= WHAT TO PRODUCE =
Starting at the line holding "お酒が大好きなご夫婦のために" and finishing at the line holding "Hercules DJ Console", transcribe the material exactly, keeping both ends but no pictures.

= RECORDS PROVIDED =
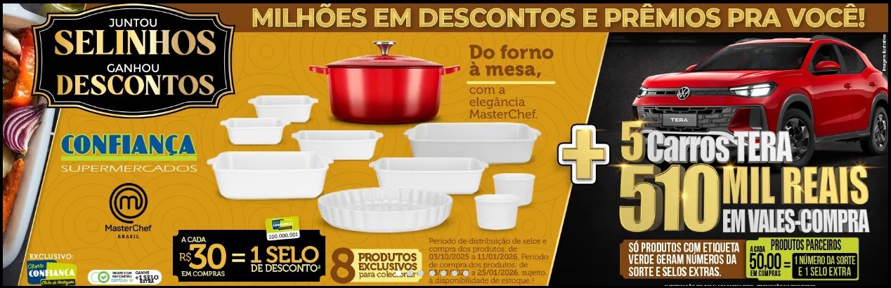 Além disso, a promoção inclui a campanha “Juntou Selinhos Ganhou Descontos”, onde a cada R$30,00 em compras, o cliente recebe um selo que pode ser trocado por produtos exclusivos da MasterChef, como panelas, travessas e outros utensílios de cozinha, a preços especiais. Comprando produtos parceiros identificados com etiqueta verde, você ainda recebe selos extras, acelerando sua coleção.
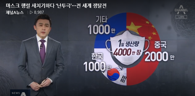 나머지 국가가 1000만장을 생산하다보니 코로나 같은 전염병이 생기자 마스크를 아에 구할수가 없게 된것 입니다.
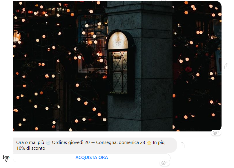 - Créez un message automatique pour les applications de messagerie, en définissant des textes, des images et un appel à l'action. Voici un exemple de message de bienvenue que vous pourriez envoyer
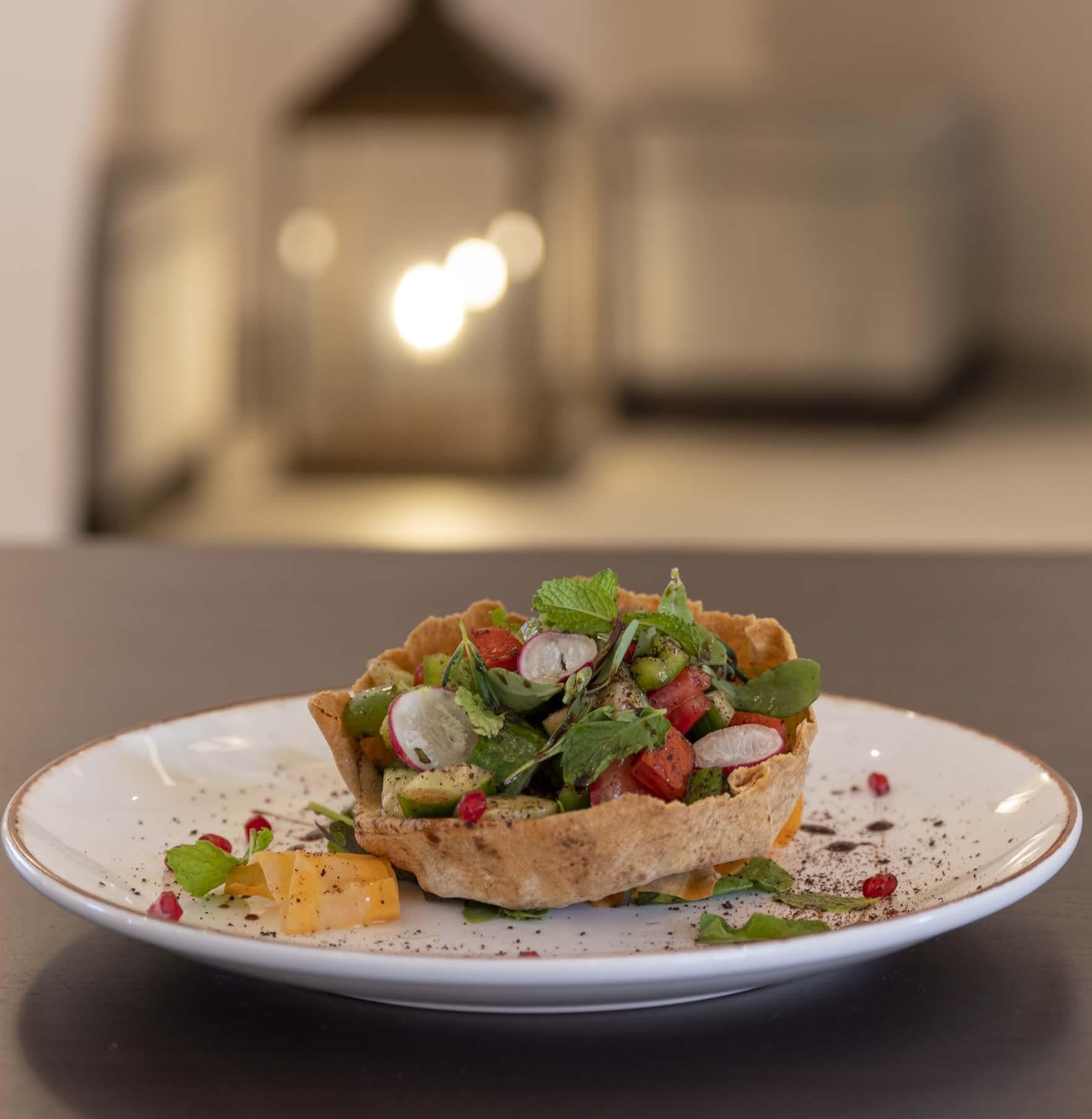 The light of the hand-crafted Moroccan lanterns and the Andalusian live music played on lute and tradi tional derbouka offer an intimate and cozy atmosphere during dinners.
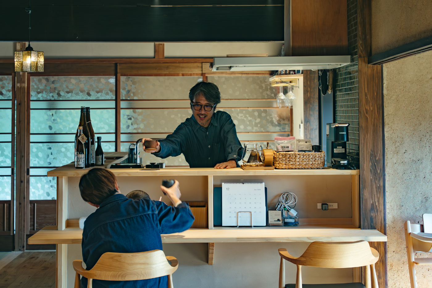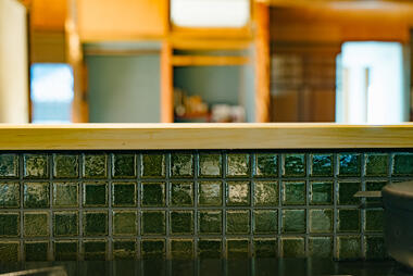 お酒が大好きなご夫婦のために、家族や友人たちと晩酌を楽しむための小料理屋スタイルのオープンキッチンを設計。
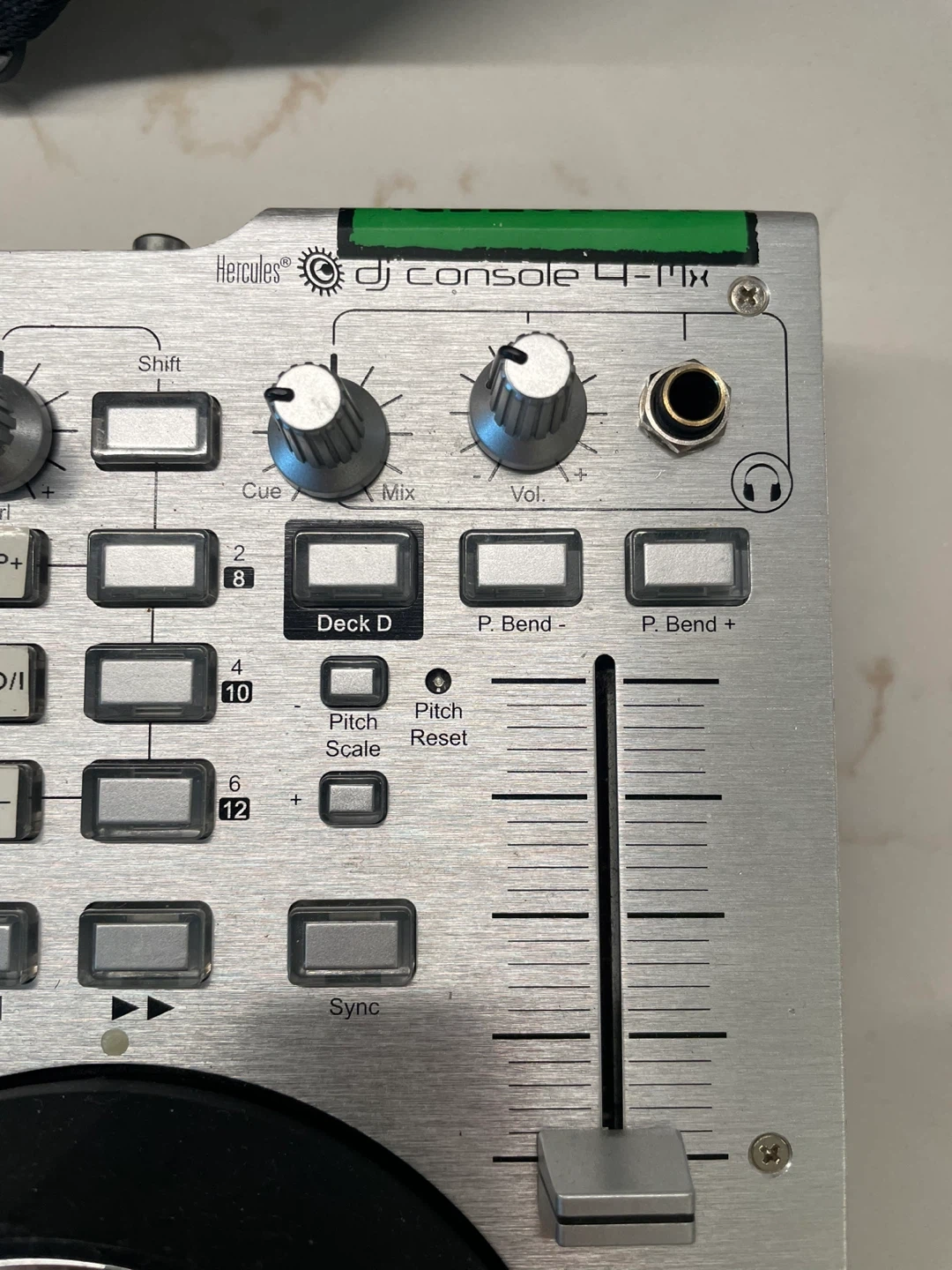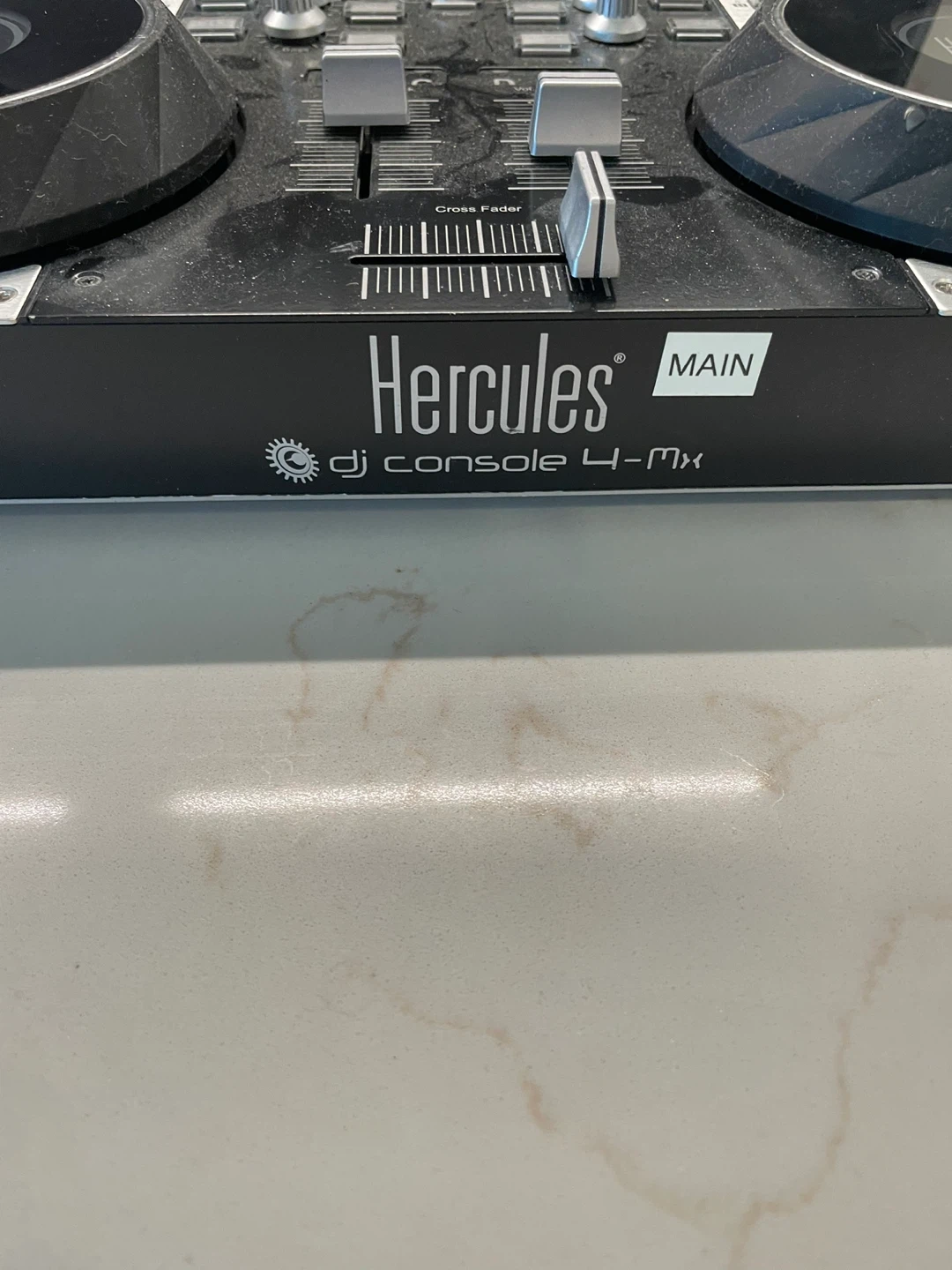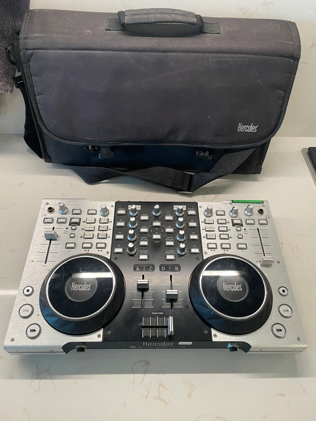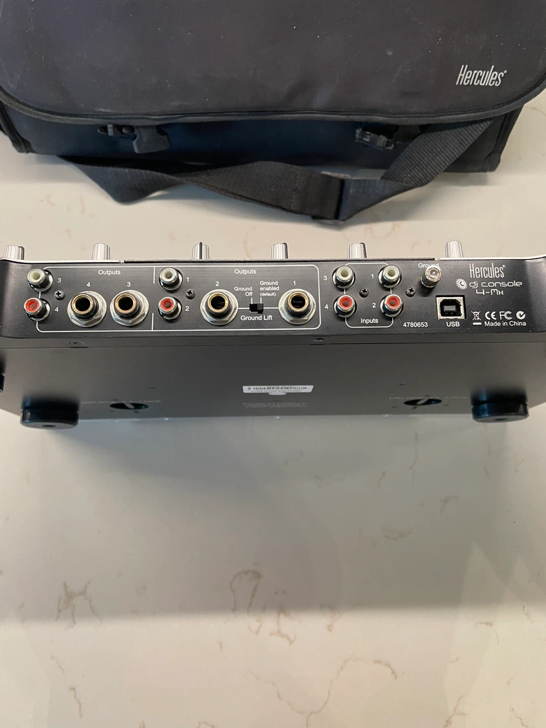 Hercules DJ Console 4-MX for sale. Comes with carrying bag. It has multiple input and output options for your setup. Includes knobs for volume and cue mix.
...
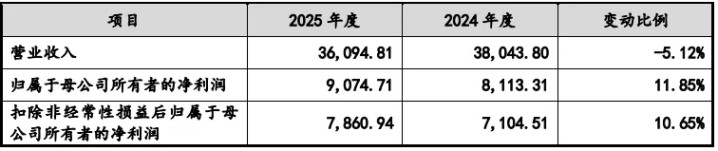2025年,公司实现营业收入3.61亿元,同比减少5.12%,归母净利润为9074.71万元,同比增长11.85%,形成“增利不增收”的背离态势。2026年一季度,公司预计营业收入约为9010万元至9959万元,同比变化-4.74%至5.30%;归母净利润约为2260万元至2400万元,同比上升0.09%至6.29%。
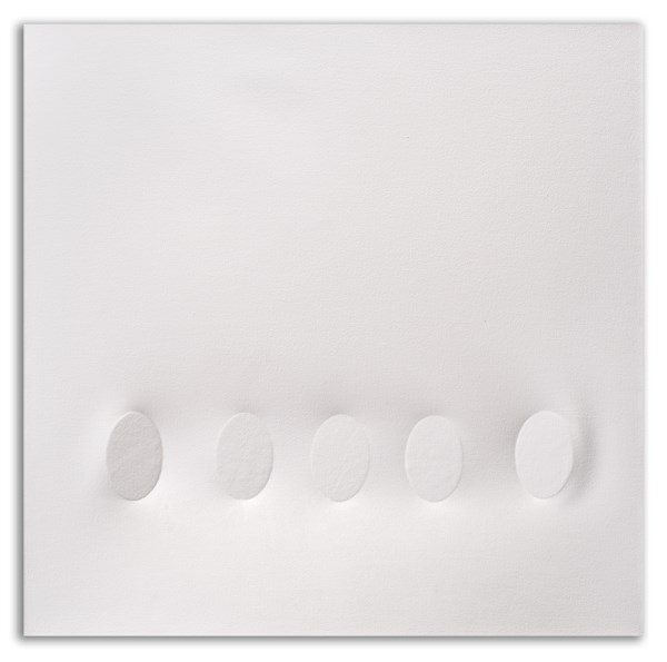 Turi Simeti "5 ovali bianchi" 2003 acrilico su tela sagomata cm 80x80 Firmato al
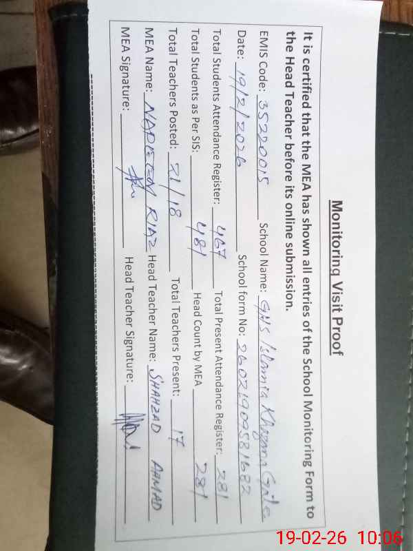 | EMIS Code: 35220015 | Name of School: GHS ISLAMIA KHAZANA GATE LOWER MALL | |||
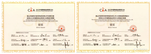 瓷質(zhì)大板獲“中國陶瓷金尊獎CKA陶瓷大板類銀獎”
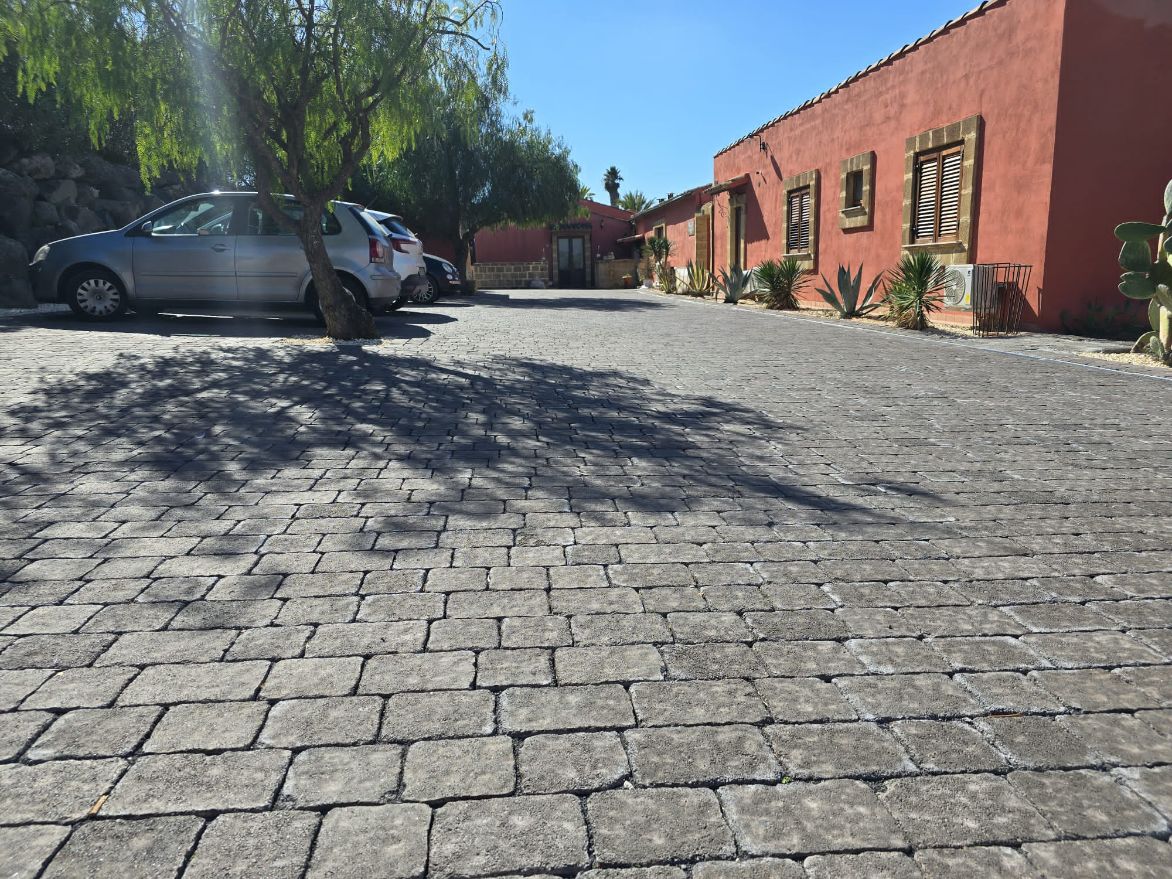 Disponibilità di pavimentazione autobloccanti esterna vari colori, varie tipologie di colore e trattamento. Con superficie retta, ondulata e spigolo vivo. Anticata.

= RESULT OF THE EXERCISE =
 お酒が大好きなご夫婦のために、家族や友人たちと晩酌を楽しむための小料理屋スタイルのオープンキッチンを設計。
 Hercules DJ Console 4-MX for sale. Comes with carrying bag. It has multiple input and output options for your setup. Includes knobs for volume and cue mix.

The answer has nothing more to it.